On Health Care: Fairness vs. Fear

I’ve been listening to the health care debate for some time now.  Health care is one of the top things we need to fix to improve our economy (the others are education, broadband, and – most importantly – preservation of the world we live in).

I’m not enough of an expert to write intelligently on the details of any one type of coverage.  I suspect that we need certain elements like removing the profit motive from basic care and insurance, and  from at least parts of the rest of the system, cutting paperwork and overhead, and tort reform.  There are many systems which are better than ours; none is perfect.  Those are the intellectualized things I’ve gotten from listening to various arguments on the topic.

But the most visceral lesson is one I’ve heard.  It started as a vague thing I noticed, and then I started listening for it.

It’s all about fairness versus fear.

When people in other countries with universal health care of one type or another are interviewed, the arguments for their systems (and many of them defend their systems quite passionately) are primarily about fairness.  They are about making the wait the same for the rich and the poor.  They are about all babies having access to well-child care.  They are about all seniors being able to afford the basic drugs they need.

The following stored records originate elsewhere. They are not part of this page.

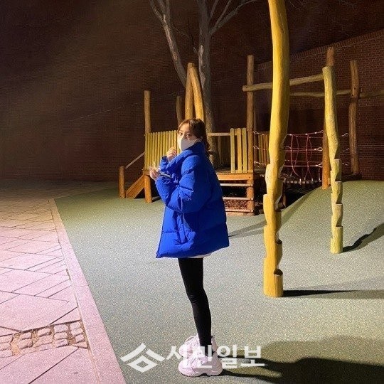 공개된 사진 속 허영지는 놀이터를 배경으로 우월한 비율과 미모를 뽐내며 마스크를 쓴 채 카메라를 바라보고 있는 모습으로 시선을 사로잡았다.
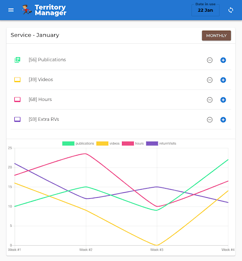 - Track/record hours, publications, video showings, extra RVs
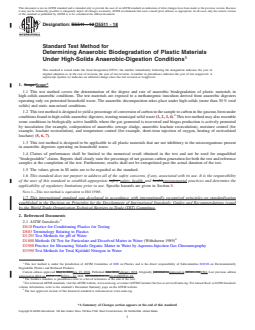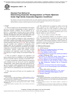 SIGNIFICANCE AND USE 5.1 Biodegradation of a plastic within a high-solids anaerobic digestion unit is an important phenomenon because it will affect the decomposition of other waste materials enclosed by the plastic and the resulting quality and appearance of the digestate after an anaerobic digestion process. Biodegradation of plastics could allow for the safe disposal of these plastics through aerobic and anaerobic solid-waste-treatment plants. This procedure has been developed to permit the determination of the rate and degree of anaerobic biodegradability of plastic products when placed in a high-solids anaerobic digester for the production of digestate from municipal solid waste. 5.2 Limitations—Because there is a wide variation in the construction and operation of anaerobic-digestion systems and because regulatory requirements for composting systems vary, this procedure is not intended to simulate the environment of any particular high-solids anaerobic-digestion system. However, it is expected to resemble the environment of a high-solids anaerobic-digestion process operated under optimum conditions. More specifically, the procedure is intended to create a standard laboratory environment that will permit a rapid and reproducible determination of the anaerobic biodegradability under high-solids digestion conditions. SCOPE 1.1 This test method covers the determination of the degree and rate of anaerobic biodegradation of plastic materials in high-solids anaerobic conditions. The test materials are exposed to a methanogenic inoculum derived from anaerobic digesters operating only on pretreated household waste. The anaerobic decomposition takes place under high-solids (more than 30 % total solids) and static non-mixed conditions. 1.2 This test method is designed to yield a percentage of conversion of carbon in the sample to carbon in the gaseous form under conditions found in high-solids anaerobic digesters, treating municipal solid waste (1, 2, 3, 4).2 This test method may also resemble some conditions in biologically active landfills where the gas generated is recovered and biogas production is actively promoted by inoculation (for example, codeposition of anaerobic sewage sludge, anaerobic leachate recirculation), moisture control (for example, leachate recirculation), and temperature control (for example, short-term injection of oxygen, heating of recirculated leachate) (5, 6, 7). 1.3 This test method is designed to be applicable to all plastic materials that are not inhibitory to the microorganisms present in anaerobic digesters operating on household waste. 1.4 Claims of performance shall be limited to the numerical result obtained in the test and not be used for unqualified “biodegradable” claims. Reports shall clearly state the percentage of net gaseous carbon generation for both the test and reference samples at the completion of the test. Furthermore, results shall not be extrapolated past the actual duration of the test. 1.5 The values given in SI units are to be regarded as the standard. 1.6 This standard does not purport to address all of the safety concerns, if any, associated with its use. It is the responsibility of the user of this standard to establish appropriate safety, health, and environmental practices and determine the applicability of regulatory limitations prior to use. Specific hazards are given in Section 8. Note 1: This test method is equivalent to ISO 15985. 1.7 This international standard was developed in accordance with internationally recognized principles on standardization established in the Decision on Principles for the Development of International Standards, Guides and Recommendations issued by the World Trade Organization Technical Barriers to Trade (TBT) Committee.

When Americans talk about health care, we talk about what care might be limited or how long a line for a non-critical procedure might be.  We talk about fear that we might have to wait to see a doctor.  We fear medicare will change.  We fear death panels.  We see universal health care as  a dangerous step down the road to socialism, which is one of the most emotionally charged words in today’s political scene.

It sounds like we are afraid that we’ll lose some of what it means to be American if we figure out a way to give everyone health care.  We sound selfish, frankly.  Me first, me in all cases, me no matter what.

Obviously, this is a generalization, these are the most common threads I’ve heard in a debate that raged from rational to irrational, from one end of the globe to another, and that has fixated on one tiny distraction after another.

Maybe it’s time for us to grow up and learn to share,  to decide that the rich can wait for a non-critical procedure while a poor person’s life is saved, to agree to some inconveniences that would keep the total cost of health care down so we can all have enough.